Yang lebih bagus menurut beliau adalah cairan yang mengandung elektrolit. Yang
ini didapat dari oralit. Oralit mengandung natrium dan klorida yang berguna mengembalika
cairan tubuh yang hilang, dan elektrolit di dalam oralit sudah diperhitungkan
kandungannya. Malah cairan gula dan garam sudah tidak diromendaksikan Kemenkes,
karena banyak yang salah kaprah mengenai takaran penyajiannya. Harusnya 1
sendok teh gula dengan sedikit (sepucuk sendok teh) garam. Namun dilapangan
banyak yang membuat 1 : 1.
Selain itu saat anak diare, nutrisi harus tetap ada.
Nutrisi bisa dari makanan atau dari susu (ASI atau formula) yang sedang
dikonsumsi. Karena diare menyebabkan intoleransi laktosa, maka akan lebh baik
jika mengurangi kerja usus untuk mencerna dan menyerap laktosa (gula alami yang
terdapat pada susu). Bisa dengan cara memberi susu formula rendah atau yang
tanpa laktosa.
Bagaimana dengan pertanyaan diatas? Susu formula
yang diencerkan?
Jika diencerkan memang laktosa berkurang,
tapi nutrisi juga tidak ada, kalori nol.
Bagaimana dikentalkan? Malah semakin berat kerja
usus
Apakah susu dihentikan? Nutrisi tetap
diteruskan, bisa dengan makanan atau susu
Bagaimana air tajin? Boleh diberikan namun tidak terus-terusan. Hal ini dikarenakan tajin tidak memiliki kandungan protein.
Bagaimana dengan teh pait? The pait boleh diberikan, namun tidak terus-terusan. Karena tidak ada nutrisi gula sama sekali.
Bagaimana dengan pisang kepok? Pisang ini harus diperhatikan umur pisang. Jangan memberi pisang yang belum matang, atau yang terlalu matang.
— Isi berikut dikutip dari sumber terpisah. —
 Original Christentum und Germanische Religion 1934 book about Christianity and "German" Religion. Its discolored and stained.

Diare harus segera dihentikan? Sekali lagi dokter menegaskan kita tidak sedang dalam rangka menghentikan diare secepat-cepatnya. Yang kita lakukan adalah penanganan yang tepat terutama mencegah dehidrasi dan pertahanan nutrisinya
Maka jika anak diare menjadi sulit makan, apa yang harus dilakukan orang tua? memberi makan anak yang diare yang penting gizinya atau rasanya? Jika banyak audience yang hadir menjawab gizi, namun dokter mengatakan jangan lupakan rasa. Berilah nutrisi yang mudah diterima oleh anak. Iya gizi penting, namun rasa juga yang utama. Anak yang diare harus dipertahankan nutrisinya, makan adalah salah satu jalannya. Maka jangan terlalu ideal tidak memberi rasa sama sekali dalam makanan, misalnya nasi, daging dan brokoli diblender jadi satu. Yang bagi dr Andi belum tentu kita sendiri mau memakannya.
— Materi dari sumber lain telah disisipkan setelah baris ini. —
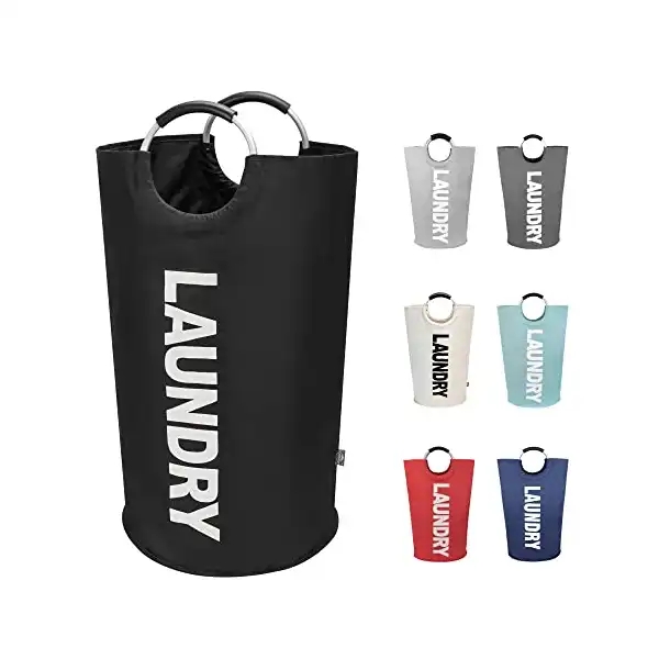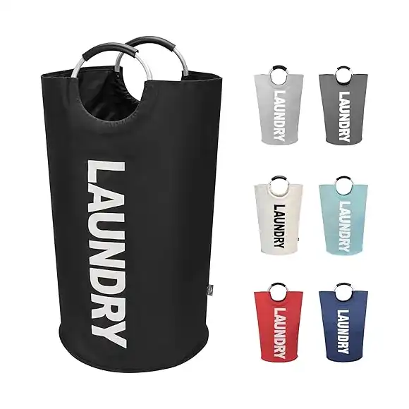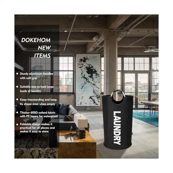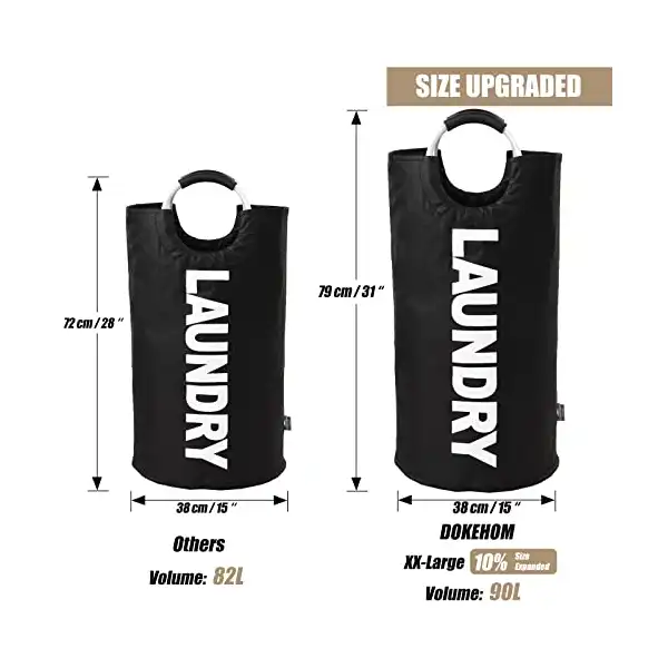 سبت غسيل كبيرة طويلة قابلة للطي وقائمة بذاتها بسعة 90 لتر (أسود) من دوك هوم,

“Apabila anak tidak mau makan dan minum,
orang tua perlu mengusahakan asupan bernutrisi yang mudah diterima anak. ASI
dan cairan rehidrasi oral (oralit) adalah yang utama selain tambahan zinc.
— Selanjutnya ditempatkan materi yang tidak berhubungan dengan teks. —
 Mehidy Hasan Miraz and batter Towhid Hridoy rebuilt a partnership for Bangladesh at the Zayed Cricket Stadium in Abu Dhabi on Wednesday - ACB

Selain itu nutrisi yang baik dapat mempercepat pemulihan fungsi usus normal,
termasuk kemampuan mencerna dan menyerap makanan yang masuk, serta memberikan
energi untuk mempercepat proses pemulihan” kata beliau.
Jumlah nutrisi yang masuk harus diperhatikan. Saat benar-benar sembuh akan ditingkatkan.
Untuk nutrisi bebas laktosa diberikan atas rekomendasi tenaga medis dalam hal ini dokter.
Hal yang tidak kalah penting dalam penanganan diare adalah pemberian Zinc selama minimal 10 hari berturut-turut. Jika diberikan minimal 10 hari, akan mencegah diare selama minimal 3 bulan kedepan.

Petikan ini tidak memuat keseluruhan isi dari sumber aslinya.